Despite improvements in dental care, millions of Americans suffer tooth loss -- mostly due to tooth decay, periodontal disease, or injury. For many years, the only treatment options available for people with missing teeth were bridges and dentures. But, today, dental implants are available.
What Are Dental Implants?
Dental implants are replacement tooth roots. Implants provide a strong foundation for fixed (permanent) or removable replacement teeth that are made to match your natural teeth. Most dental implants are made of titanium, which allows them to integrate with bone without being recognized as a foreign object in our body. Over time, technology and science have progressed to greatly improve the outcomes of dental implant placement. Today, the success rate for dental implants is close to 98%.
What Are the Advantages of Dental Implants?
o Improved appearance.
o Improved speech.
o Improved comfort.
o Easier eating.
o Improved self-esteem.
o Improved oral health.
What Is Involved in Getting a Dental Implant?
The first step in the dental implant process is the development of an individualized treatment plan to address the patient’s specific needs
Next, the tooth root implant is placed into the bone socket of the missing tooth. As the jawbone heals, it grows around the implanted metal post, anchoring it securely in the jaw. The healing process will normally take from three to six months. This assumes that no additional work is required. If there is insufficient bone structure to secure the post, bone grafting may be required. If this is the case, an additional three months will be needed before the post can be inserted.
Once the implant has bonded to the jawbone, a small connector post -- called an abutment -- is attached to the post to securely hold the new tooth. To make the new tooth or teeth, your dentist makes impressions of your teeth, and creates a model of your bite (which captures all of your teeth, their type, and arrangement). The new tooth or teeth is based on this model. A replacement tooth, called a crown, is then attached to the abutment.
Instead of one or more individual crowns, some patients may have attachments placed on the implant that retain and support either a permanent or a removable denture.
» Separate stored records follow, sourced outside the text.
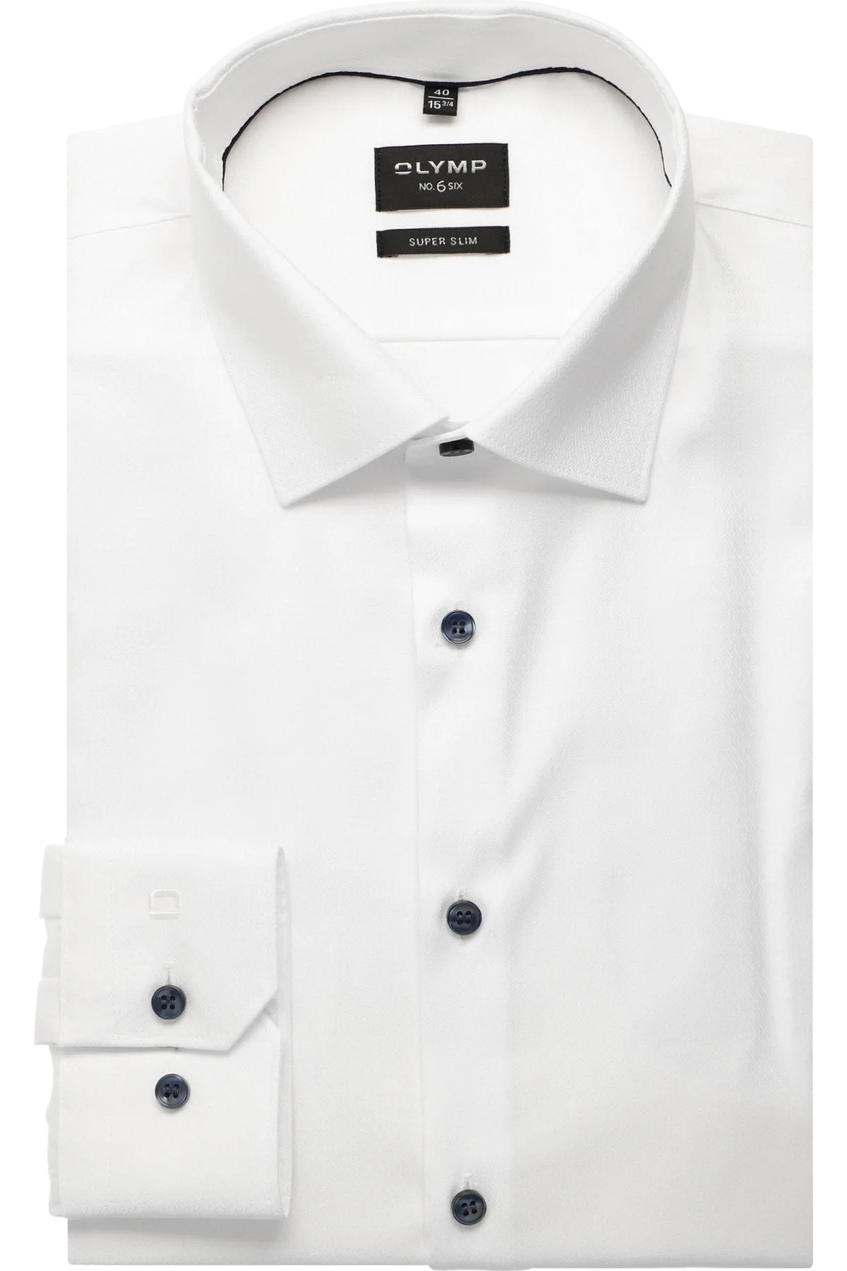 Zakelijk overhemd voor heren van OLYMP No. Six;Katoenmix met stretchgehalte;Super slim fit;Kentkraag;Doorknoopsluiting;Sportmanchetten;Ruglengte bij maat 40: 80 cm;Schouderbreedte bij maat 40: 41 cm;Mouwlengte bij maat 40: 67 cm
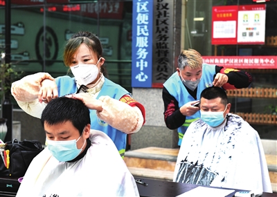 ????(記者 張永香/文 龍?jiān)谌?圖) “咔嚓!咔嚓!”2月14日上午,新山村街道滬漢社區(qū),身穿“藍(lán)色馬甲”的理發(fā)師志愿者正在熟練地理發(fā)。一把剪刀,一把推子,一把梳子,一張圍布,新山村街道專門為抗疫一線工作人員設(shè)立的“理發(fā)店”就開張了。
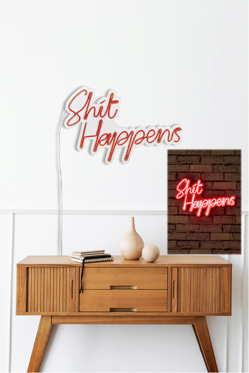 Decoratiune luminoasa LED, Shit Happens, Benzi flexibile de neon, DC 12 V, Rosu
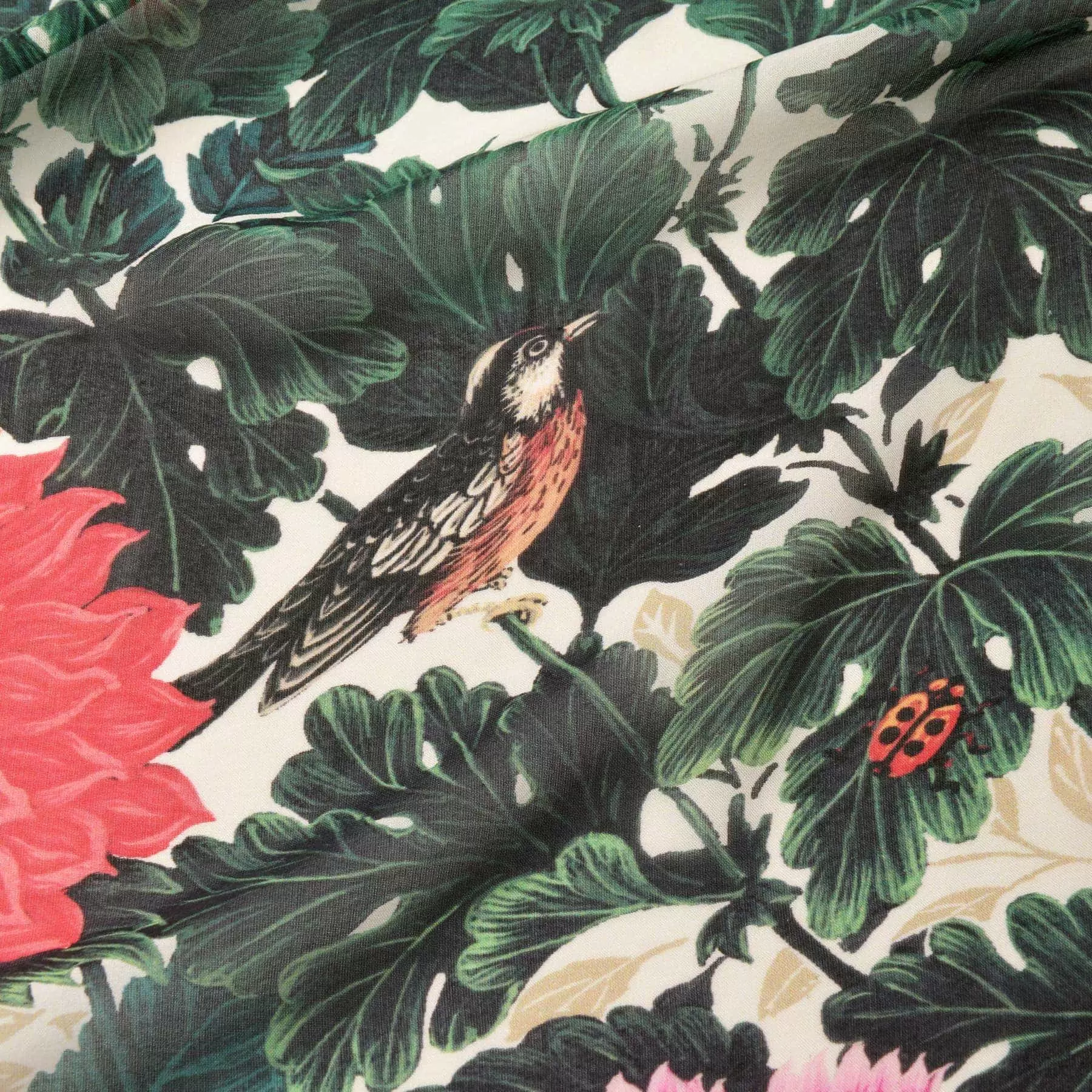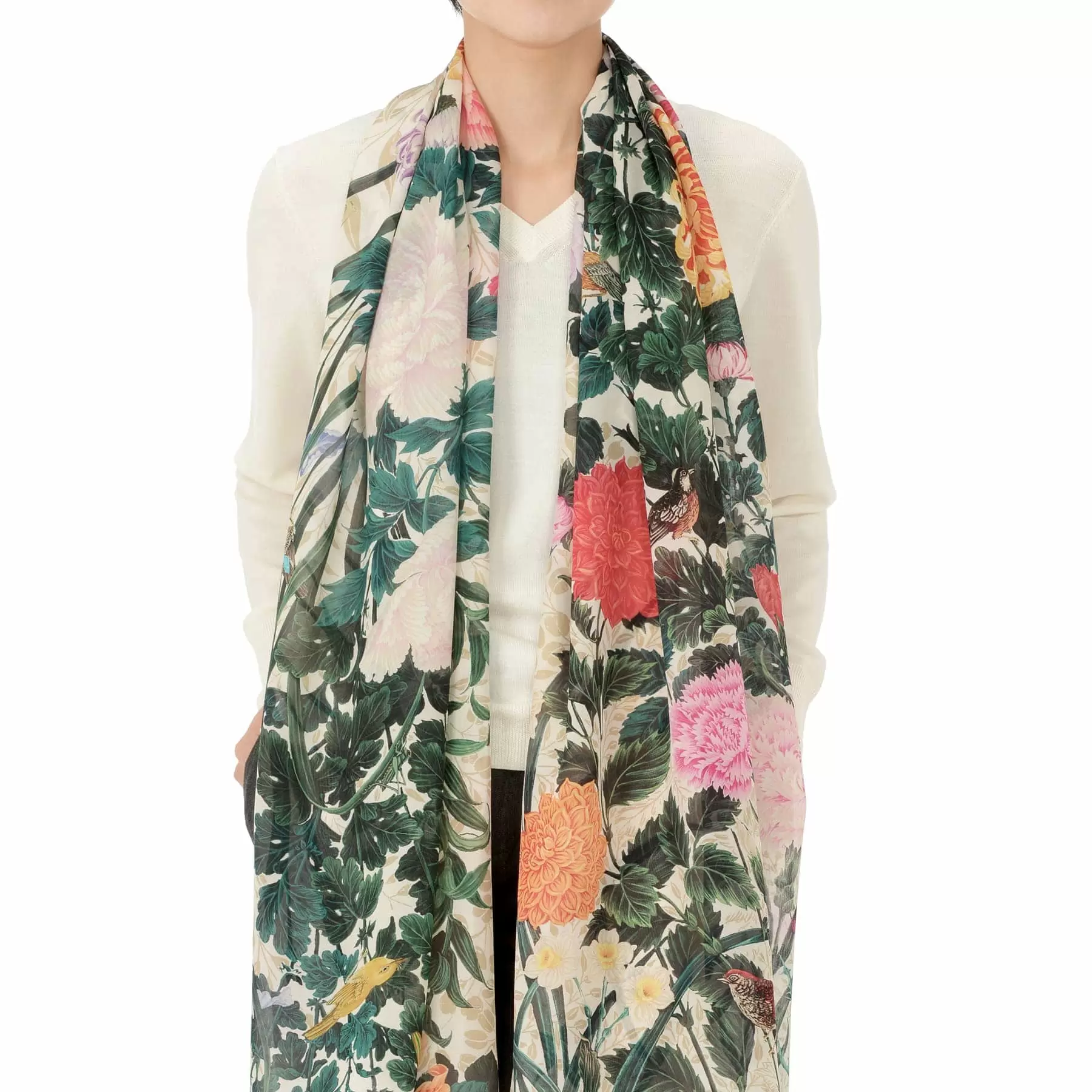 自然の生命力の力強さや、瑞々しい花の色彩、多彩な顔を見せてくれる光、そして鳥たちの可愛らしさ。「花と鳥と」の第一弾となる今回のコレクションのコンセプトを表現した図案を、ストールとしてデザインしました。

Your dentist also will match the color of the new teeth to your natural teeth. Because the implant is secured within the jawbone, the replacement teeth look, feel, and function just like your own natural teeth.
How Do I Care for Dental Implants?
Dental implants require the same care as real teeth, including brushing, flossing, rinsing with an antibacterial mouthwash, and regular dental check-ups.
How Painful Are Dental Implants?
Most people who have received dental implants say that there is very little discomfort involved in the procedure. Local anesthesia can be used during the procedure, and most patients report that implants involve less pain than a tooth extraction.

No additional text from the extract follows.